▶ _What this task involves_
Your copy should contain exactly the lines from the start of the material through the line containing "If you like", and no pictures.

▶ _Available data_
⁂

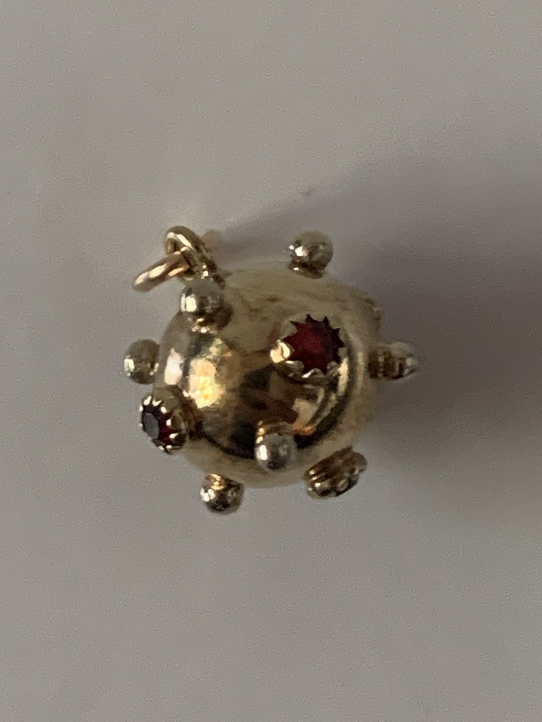 Kugle med røde sten Charms / Vedhæng i 14 karat guld
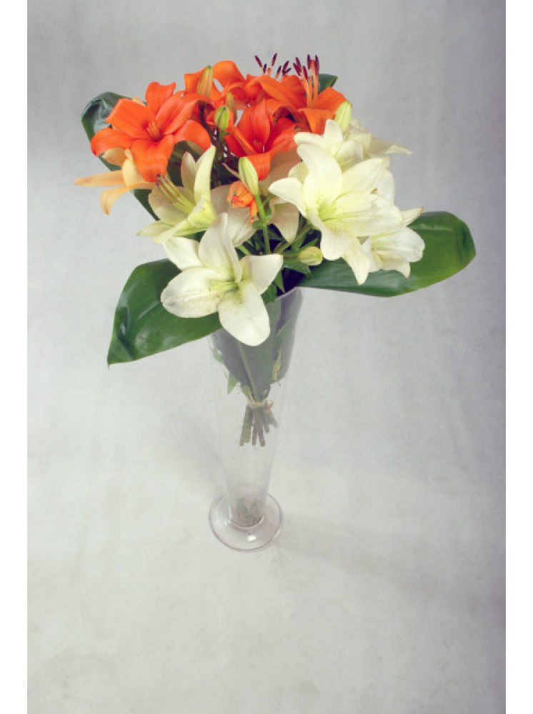 If you like lilies, then this set is certainly for you! a nice blend of lilies, comes with 2 colors, orange and white beautifully belnded in a glass vase.
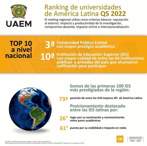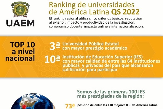 La Universidad Autónoma del Estado de México (UAEM) se consolidó como la tercera mejor universidad pública estatal a nivel nacional, de acuerdo con el Ranking de Universidades de América Latina QS 2022, que recientemente dio a conocer los resultados anuales de su evaluación.
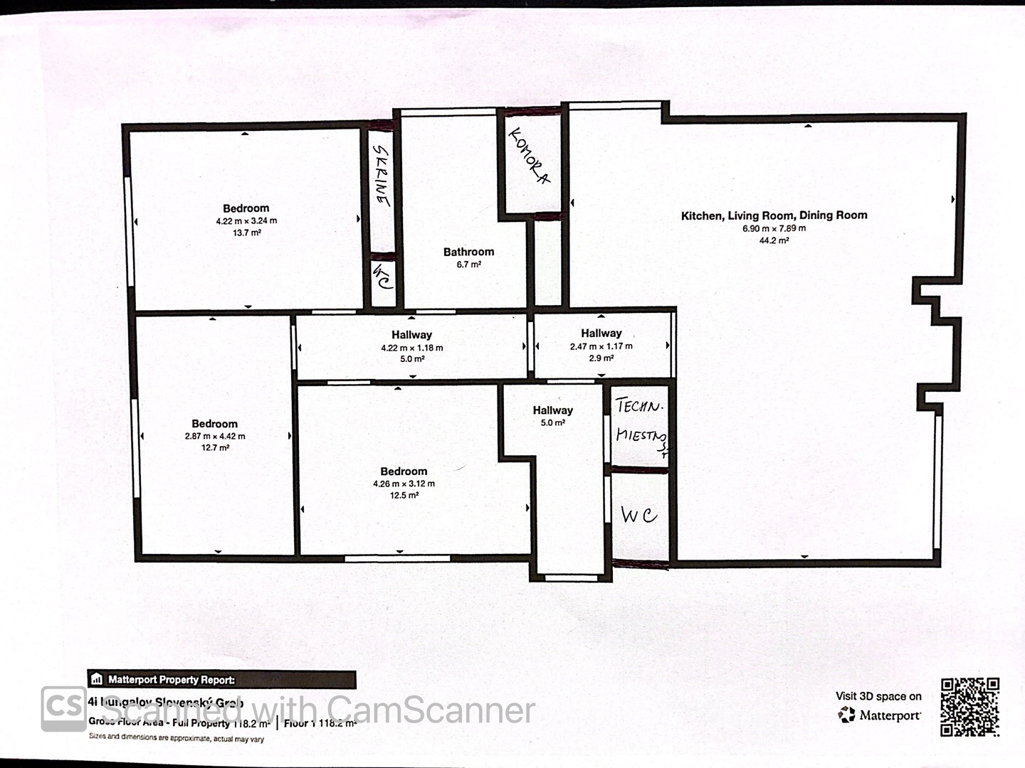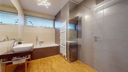 • kúpeľňa s vaňou aj sprchovacím kútom + samostatné WC

⁂

▶ _Answer to this problem_
 Kugle med røde sten Charms / Vedhæng i 14 karat guld
 If you like lilies, then this set is certainly for you! a nice blend of lilies, comes with 2 colors, orange and white beautifully belnded in a glass vase.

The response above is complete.